Tagged as: Cheating, Dating, Troubled relationships<< Previous question   Next question >>
Question - (8 January 2013) 7 Answers - (Newest, 15 January 2013)
A female Lebanon age 30-35, anonymous writes:

hi

to love or not to love is my question!!

i'm very happy with him, when i'm with him. when i don't see his face, when i don't hear his voice, when i don't have any picture of him in-front of me, i just think that i am in a big trouble .
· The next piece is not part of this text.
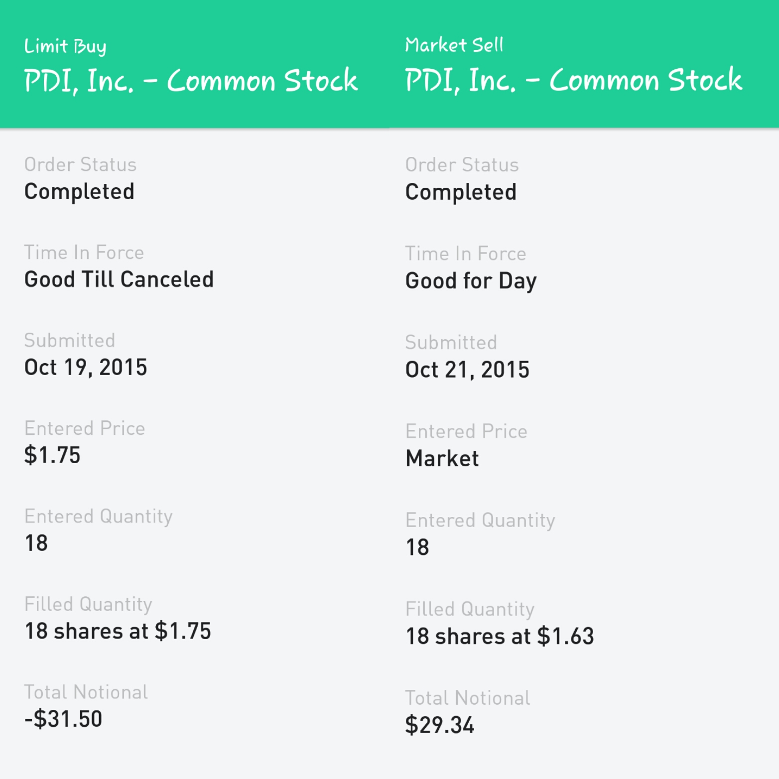 This one had "wrong" all over it. I chased, and chased, and chased again. When I got in at $1.75 after the dip on 10/19, it went to $1.93 and I missed a sell order by being too greedy. So, it crashed after and hung out low for a couple days. I finally got rid of it at $1.63 after an increase today on some news. So, no more chasing when I know I shouldn't, and accept a smaller gain if I have to. The positives: lessons learned on almost no money risked, and the price rose for an easy loss.

-he is very generous , yet his salary is very low

-he is very funny and kind , yet he must be always right

-he makes the impossible stuff to please me(comes daily a 1hour by car distance so we could have lunch together at my university , once i mentioned in a chat that i wanted to eat popcorn so hard and it was like 2 am he came to my home and left me a bag of pop corn for me to have grab so he wont get me in trouble with my family....) yet he doesn't do the little things i ask him to do, like not look at overly exposed girls or telling me what is the plan of his day, or telling me when ever he is online and i'm not with whom he is talking

- i'm sure he loves me and when ever he looks at me its as if i'm the dream that came true to him , yet whenever he is away i just have the strongest feeling that he is cheating on me meanwhile whatever he says to explain why he was far i find it true.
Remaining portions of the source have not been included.